Kita pernah ada diposisi yang sama, namun kini aku bisa mendapatkan jawabannya. Tanpa perlu mencari. Sementara kau masih dalam kurungan tanda tanya yang masih menghantui dirimu. Aku tahu bagaimana rasanya. Sehingga kau harus mencari lagi jawabannya. Dan menjadikanku hanya sebagai persinggahan sementaramu untuk melepas lelah. Setelah kepergianmu membuatku kini harus memilih menjadi Agen Neptunus sesungguhnya. Tugasku sekarang menuliskan apa yang aku rasakan untuk kusampaikan pada Neptunus dengan bentuk perahu kertas. Kualirkan dimana terdapat aliran air, yang aku yakini kalau nantinya semua aliran itu akan berakhir dilautan dan semoga sampai kepadamu, Neptunus.

Kesatriaku, selamat jalan. Paculah kudamu sampai kau temukan titik itu. Titik atas akhir dari semua jawaban tanda tanyamu. Titik atas akhir belenggu nostalgiamu atas putri yang meninggalkanmu tanpa surat itu. Yang wajahnya masih berseri didepan mata fikiranmu. Selamat menikmati titik gravitasi yang menarikmu kembali kedalam jurangnya. Perjuanganmu untukku memang cukup sampai disini. Kontrakmu untuk ada di istanaku memang sampai disini.

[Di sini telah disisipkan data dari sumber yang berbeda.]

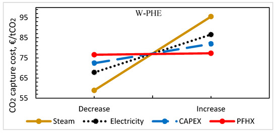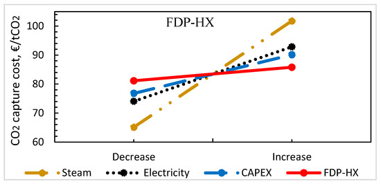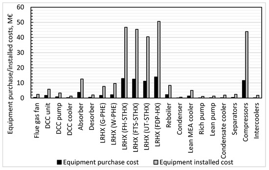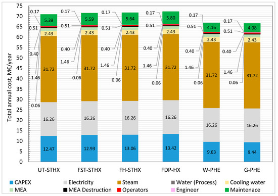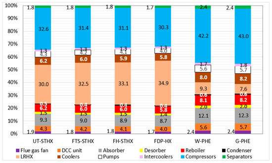 The heat transfer area required is the key design parameter in the initial cost estimate of the general heat transfer equipment. These include the LRHX, reboiler, condenser, and coolers. The heat transfer area is computed from the heat duty (heat transfer from hot to cold stream), overall heat transfer coefficient, and the log-mean temperature difference (LMTD) [63]. The overall heat transfer coefficient (U-value) assumed for the lean/rich heat exchanger scenarios with the STHXs and FDP-HX is 500 W/m2K [45]. This value is close to the 550 W/m2K used by SINTEF (a research organization in Norway) [64]. The overall heat transfer coefficient for the PHEs was conservatively assumed to be 1000 W/m2K. This is because the overall heat transfer coefficient of the PHEs is much higher than that of other exchangers like the STHXs, thereby having an order of magnitude higher surface area per unit volume compared to the STHXs [18,19]. According to Reference [65], the U-value for the PHEs is 2–4 times the STHXs. The welded-plate heat exchanger was assumed to cost 25% more than the gasketed-plate heat exchanger based on information from Reference [18].
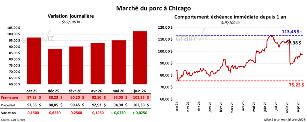 Le contrat de porc américain octobre 25 a clôturé à 97,38 $ (-15 cents). Celui décembre 25 a fermé à 88,23 $ (-63 cents). Celui février 26 a terminé à 90,20 $ (-25 cents).

Kesatriaku, menaraku akan selalu terbuka untukmu. Dan ketika kau lelah dan ingin kembali. Kembalilah. Aku akan tetap ada didalam menara ini untuk menunggumu sekuat yang aku mampu dalam matiku. Kehilanganmu memang sudah jalanku, entah sekarang ataupun nanti rasanya akan sama saja. Perih. Ini hanya masalah waktu.